• _Records from a data collection_:
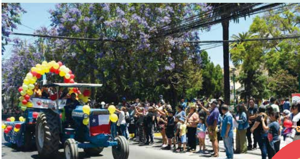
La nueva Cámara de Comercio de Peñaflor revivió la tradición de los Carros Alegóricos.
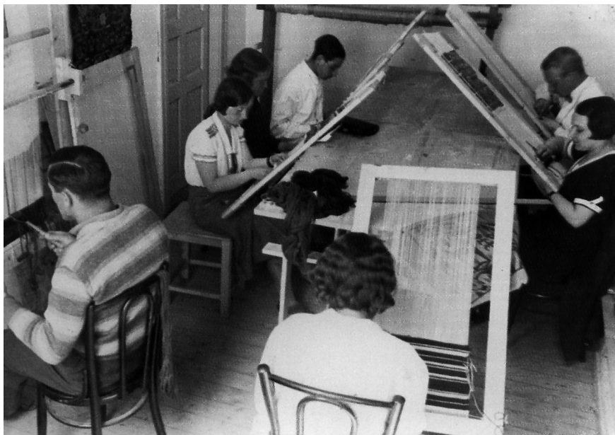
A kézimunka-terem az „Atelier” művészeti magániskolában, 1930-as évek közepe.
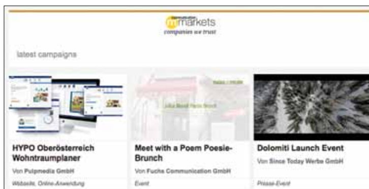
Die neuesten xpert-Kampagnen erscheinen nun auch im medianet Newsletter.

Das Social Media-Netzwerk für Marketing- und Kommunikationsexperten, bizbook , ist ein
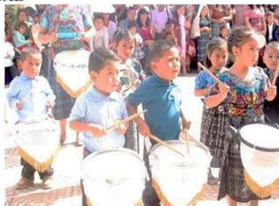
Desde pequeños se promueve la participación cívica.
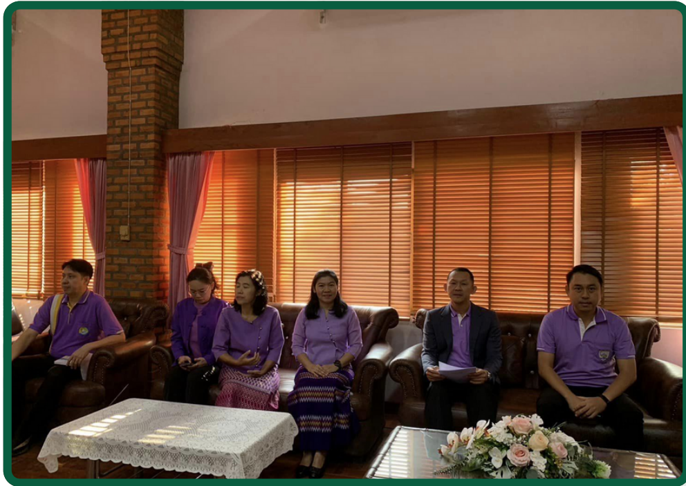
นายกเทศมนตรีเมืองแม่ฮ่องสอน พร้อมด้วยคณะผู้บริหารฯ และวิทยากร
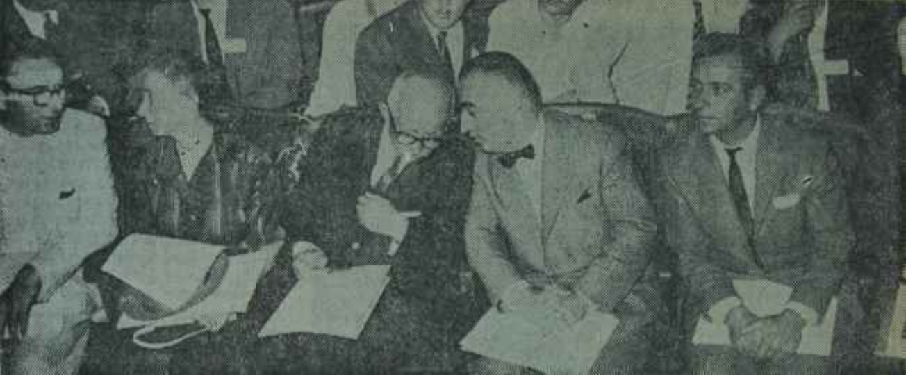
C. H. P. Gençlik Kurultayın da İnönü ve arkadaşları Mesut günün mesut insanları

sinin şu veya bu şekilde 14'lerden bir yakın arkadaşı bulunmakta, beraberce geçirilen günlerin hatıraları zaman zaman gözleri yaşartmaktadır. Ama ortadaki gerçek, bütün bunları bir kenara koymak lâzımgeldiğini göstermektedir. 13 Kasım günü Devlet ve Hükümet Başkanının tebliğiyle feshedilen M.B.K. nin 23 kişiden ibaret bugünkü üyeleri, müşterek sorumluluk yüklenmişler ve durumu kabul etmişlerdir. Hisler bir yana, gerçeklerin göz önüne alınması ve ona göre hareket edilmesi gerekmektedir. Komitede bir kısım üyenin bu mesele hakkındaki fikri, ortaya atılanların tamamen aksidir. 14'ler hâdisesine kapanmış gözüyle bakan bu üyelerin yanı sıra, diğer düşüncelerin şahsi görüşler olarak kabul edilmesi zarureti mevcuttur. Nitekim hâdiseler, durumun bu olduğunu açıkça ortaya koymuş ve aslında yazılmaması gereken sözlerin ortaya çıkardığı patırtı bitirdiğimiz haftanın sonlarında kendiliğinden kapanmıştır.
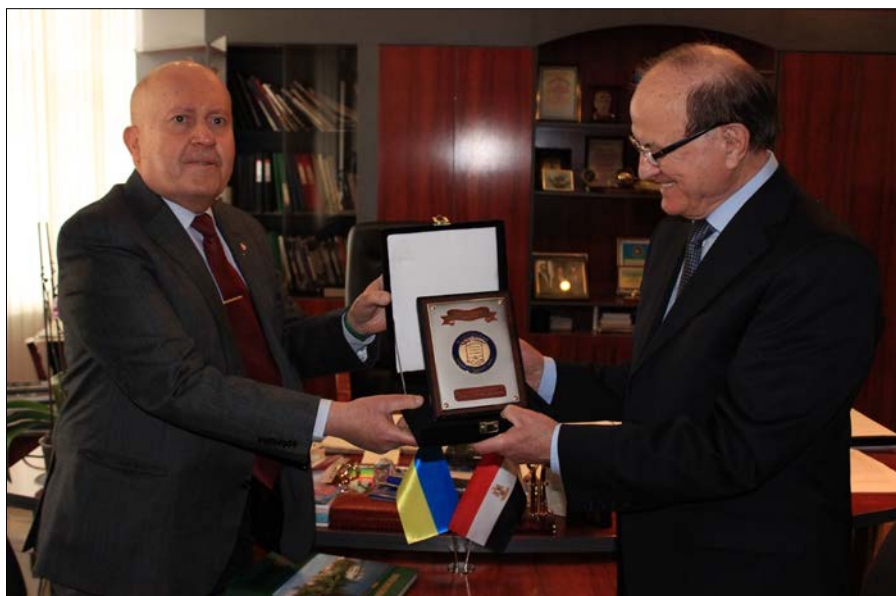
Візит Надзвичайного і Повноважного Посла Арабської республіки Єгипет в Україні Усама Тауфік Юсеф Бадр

• _ABOUT THIS EXERCISE_: Reproduce, word for word, every line from the one that contains "Desde pequeños se" to the end of the data, including both ends; omit all pictures.

• _YOUR SOLUTION_:
Desde pequeños se promueve la participación cívica.
นายกเทศมนตรีเมืองแม่ฮ่องสอน พร้อมด้วยคณะผู้บริหารฯ และวิทยากร
C. H. P. Gençlik Kurultayın da İnönü ve arkadaşları Mesut günün mesut insanları

sinin şu veya bu şekilde 14'lerden bir yakın arkadaşı bulunmakta, beraberce geçirilen günlerin hatıraları zaman zaman gözleri yaşartmaktadır. Ama ortadaki gerçek, bütün bunları bir kenara koymak lâzımgeldiğini göstermektedir. 13 Kasım günü Devlet ve Hükümet Başkanının tebliğiyle feshedilen M.B.K. nin 23 kişiden ibaret bugünkü üyeleri, müşterek sorumluluk yüklenmişler ve durumu kabul etmişlerdir. Hisler bir yana, gerçeklerin göz önüne alınması ve ona göre hareket edilmesi gerekmektedir. Komitede bir kısım üyenin bu mesele hakkındaki fikri, ortaya atılanların tamamen aksidir. 14'ler hâdisesine kapanmış gözüyle bakan bu üyelerin yanı sıra, diğer düşüncelerin şahsi görüşler olarak kabul edilmesi zarureti mevcuttur. Nitekim hâdiseler, durumun bu olduğunu açıkça ortaya koymuş ve aslında yazılmaması gereken sözlerin ortaya çıkardığı patırtı bitirdiğimiz haftanın sonlarında kendiliğinden kapanmıştır.
Візит Надзвичайного і Повноважного Посла Арабської республіки Єгипет в Україні Усама Тауфік Юсеф Бадр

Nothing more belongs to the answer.